Someone asked me last week why I would not want to continue eating whatever I want, whenever I want. I replied that I prefer to enjoy the view in the mirror every time I get dressed for a night out or put a bikini on for a lounge by the pool. Discipline is an enviable skill, not a prison sentence. How would we ever get anything accomplished without it? Without drive, discipline and the grace to say no, we would not grow as individuals.

There was a book published in the 90's called Thin Tastes Better. I don't necessarily care about being thin, but rather fit.
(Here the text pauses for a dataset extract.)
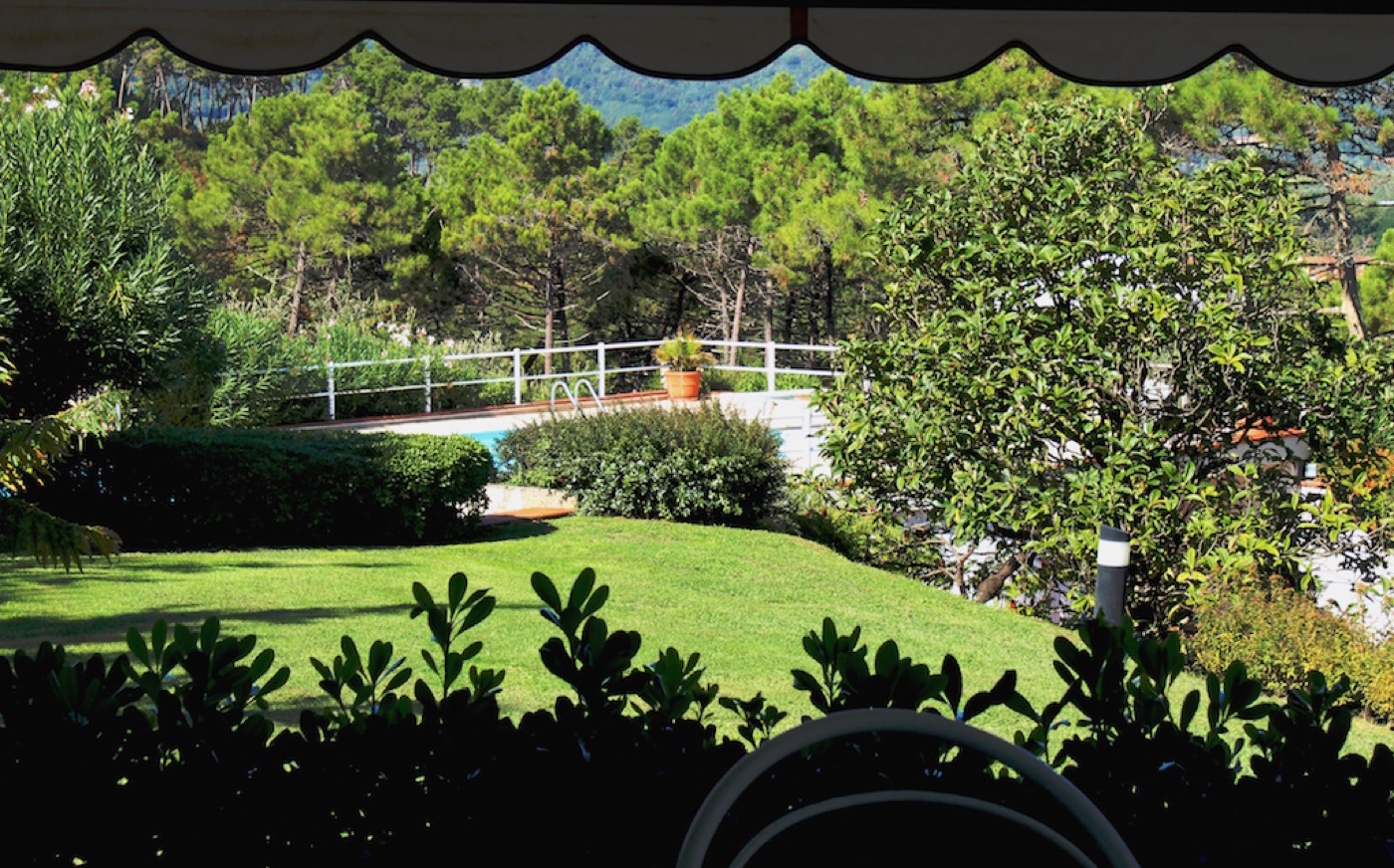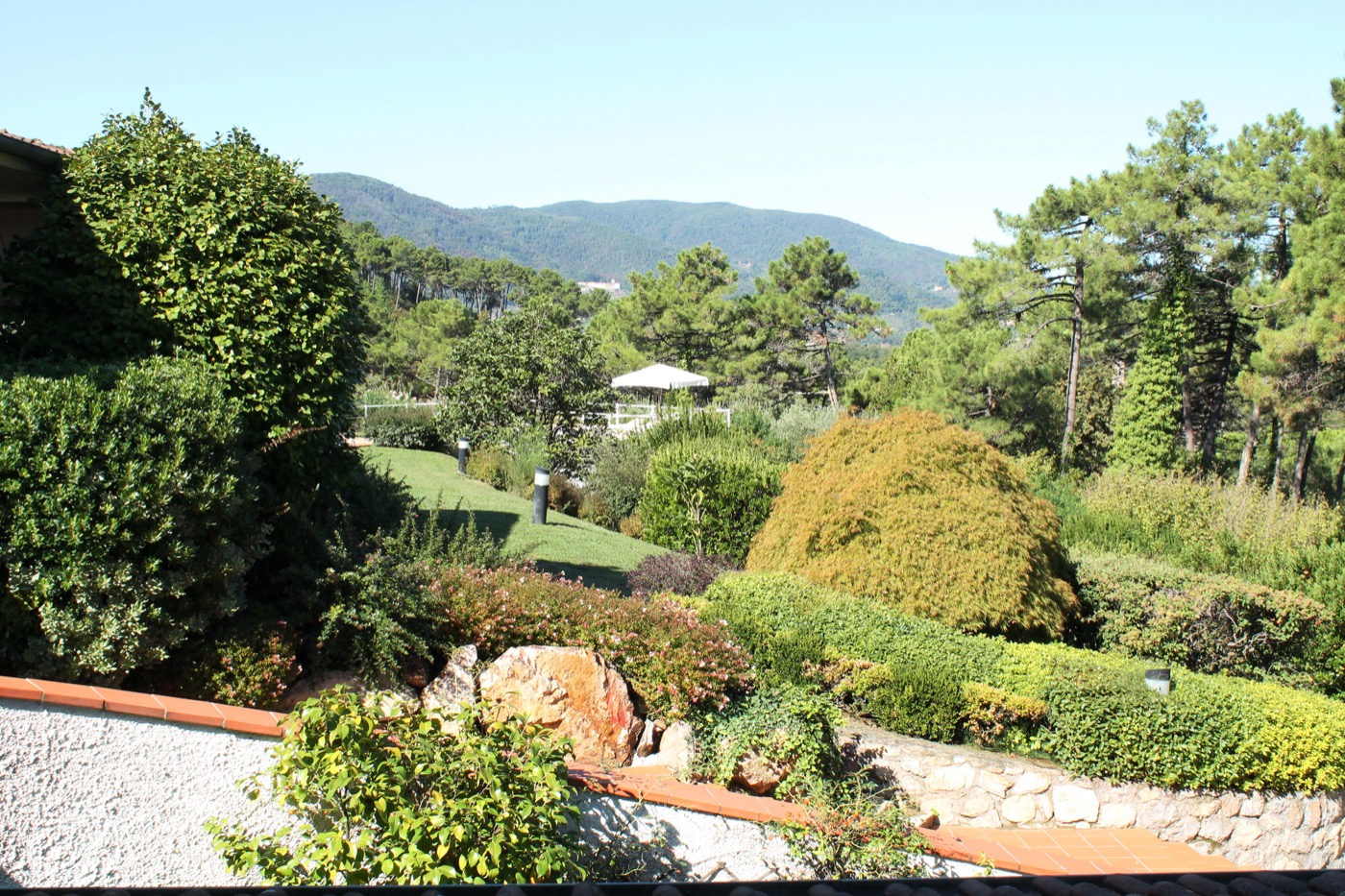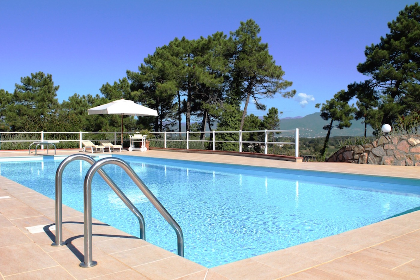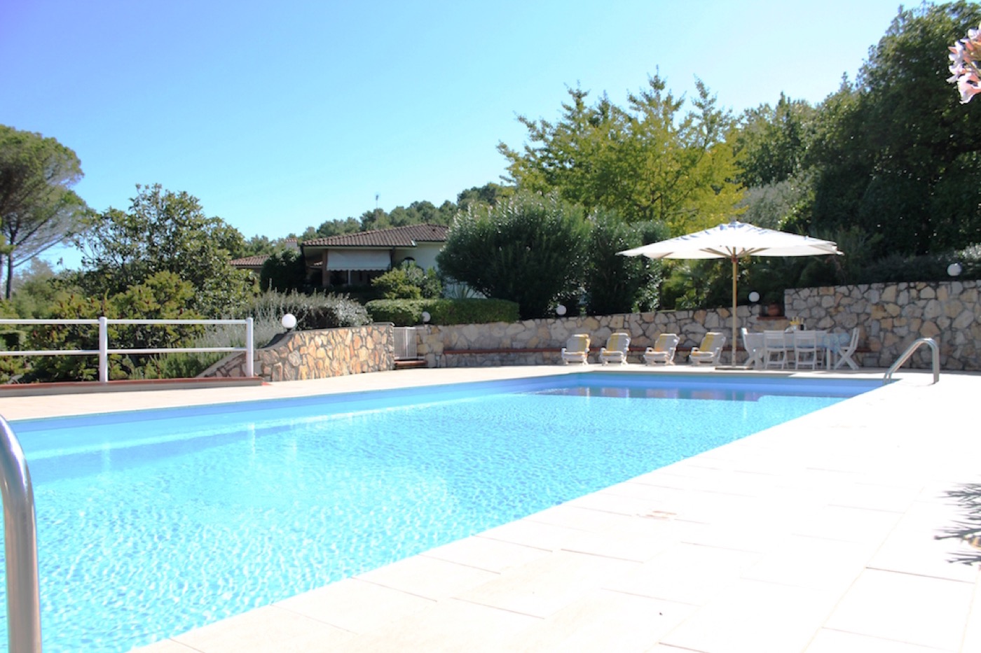 Downstairs, passing through the internal stairs, sometimes used with the owners, through a lobby and a small entrance, bedroom with double beds and a bath with shower. In addition to all the outdoor environments of the villa (access driveway park, woods, entrance terrace, etc.) there is a large swimming pool with spectacular views over Lucca and the arches of the historic aqueduct of Nottolini, equipped with umbrellas, deckchairs, armchairs, dining table etc. and has a dressing room with bath and shower.

For the purpose of this, we'll say Fit Tastes Better. Out of pure desire, I want to be photo-op ready if I plan a tropical vacation with friends or have a romantic getaway. I think the key here is being ready vs. never feeling quite ready. I even read somewhere that fit people get paid more at work. It's the same idea as having an outfit pulled together or being groomed properly. It's just pure and simple self-respect.

Well, darlings, elegance truly is refusal. Refusal to get lazy. Refusal to put anything in my body that will hinder success. Refusal to be so hard on myself that I don't enjoy life. Refusal to give up.

2009 is about being the best version of yourself you can possibly be. This can be anything you want it to be. I want to see my friends more, be healthier, and smile more. And a little ego boost can't hurt either.

Ciao for now.

Happy New Year & Cheers to the best year ever!